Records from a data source
___
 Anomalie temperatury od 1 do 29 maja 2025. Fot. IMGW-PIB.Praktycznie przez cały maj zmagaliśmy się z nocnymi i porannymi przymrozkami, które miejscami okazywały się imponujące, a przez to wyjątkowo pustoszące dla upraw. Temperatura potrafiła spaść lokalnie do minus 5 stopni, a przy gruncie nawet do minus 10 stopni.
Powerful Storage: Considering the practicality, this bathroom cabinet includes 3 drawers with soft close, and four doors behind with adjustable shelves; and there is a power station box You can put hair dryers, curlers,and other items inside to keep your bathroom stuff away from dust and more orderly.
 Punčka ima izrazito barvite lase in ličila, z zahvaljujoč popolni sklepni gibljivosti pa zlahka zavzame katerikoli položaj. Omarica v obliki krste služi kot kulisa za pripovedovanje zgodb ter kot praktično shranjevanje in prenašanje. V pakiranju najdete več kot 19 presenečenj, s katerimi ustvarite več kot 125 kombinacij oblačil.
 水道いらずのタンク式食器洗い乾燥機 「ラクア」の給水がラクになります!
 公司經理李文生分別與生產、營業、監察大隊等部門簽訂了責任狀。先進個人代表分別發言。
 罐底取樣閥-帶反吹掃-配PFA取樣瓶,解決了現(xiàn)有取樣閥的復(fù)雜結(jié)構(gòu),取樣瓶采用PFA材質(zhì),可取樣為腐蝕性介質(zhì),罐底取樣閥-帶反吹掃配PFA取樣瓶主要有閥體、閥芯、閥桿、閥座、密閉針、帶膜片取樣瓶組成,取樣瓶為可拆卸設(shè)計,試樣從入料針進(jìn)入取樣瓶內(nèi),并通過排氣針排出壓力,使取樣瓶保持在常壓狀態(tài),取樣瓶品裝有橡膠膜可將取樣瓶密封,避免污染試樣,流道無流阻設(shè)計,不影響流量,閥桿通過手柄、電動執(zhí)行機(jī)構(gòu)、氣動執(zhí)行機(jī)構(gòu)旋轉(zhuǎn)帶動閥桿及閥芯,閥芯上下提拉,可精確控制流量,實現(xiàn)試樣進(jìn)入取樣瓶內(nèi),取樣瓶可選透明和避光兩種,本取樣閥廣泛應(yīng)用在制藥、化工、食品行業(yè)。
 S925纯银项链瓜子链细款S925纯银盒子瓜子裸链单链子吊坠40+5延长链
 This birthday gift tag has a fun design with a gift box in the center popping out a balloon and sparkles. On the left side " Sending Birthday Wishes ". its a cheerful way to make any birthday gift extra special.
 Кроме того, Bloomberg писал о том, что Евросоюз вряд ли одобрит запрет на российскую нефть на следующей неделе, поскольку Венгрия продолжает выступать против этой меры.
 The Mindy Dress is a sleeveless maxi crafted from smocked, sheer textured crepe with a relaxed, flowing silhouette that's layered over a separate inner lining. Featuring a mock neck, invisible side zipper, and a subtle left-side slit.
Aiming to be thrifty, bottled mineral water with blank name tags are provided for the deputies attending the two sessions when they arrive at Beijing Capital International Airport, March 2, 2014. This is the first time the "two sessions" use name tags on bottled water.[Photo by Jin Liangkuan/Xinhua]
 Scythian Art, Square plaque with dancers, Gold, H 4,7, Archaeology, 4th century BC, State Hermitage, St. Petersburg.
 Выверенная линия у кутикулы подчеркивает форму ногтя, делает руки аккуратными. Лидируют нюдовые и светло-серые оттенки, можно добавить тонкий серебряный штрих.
___
Exercise prompt
Examine the records and pull out every line where the string "left" occurs.

Written solution
 This birthday gift tag has a fun design with a gift box in the center popping out a balloon and sparkles. On the left side " Sending Birthday Wishes ". its a cheerful way to make any birthday gift extra special.
 The Mindy Dress is a sleeveless maxi crafted from smocked, sheer textured crepe with a relaxed, flowing silhouette that's layered over a separate inner lining. Featuring a mock neck, invisible side zipper, and a subtle left-side slit.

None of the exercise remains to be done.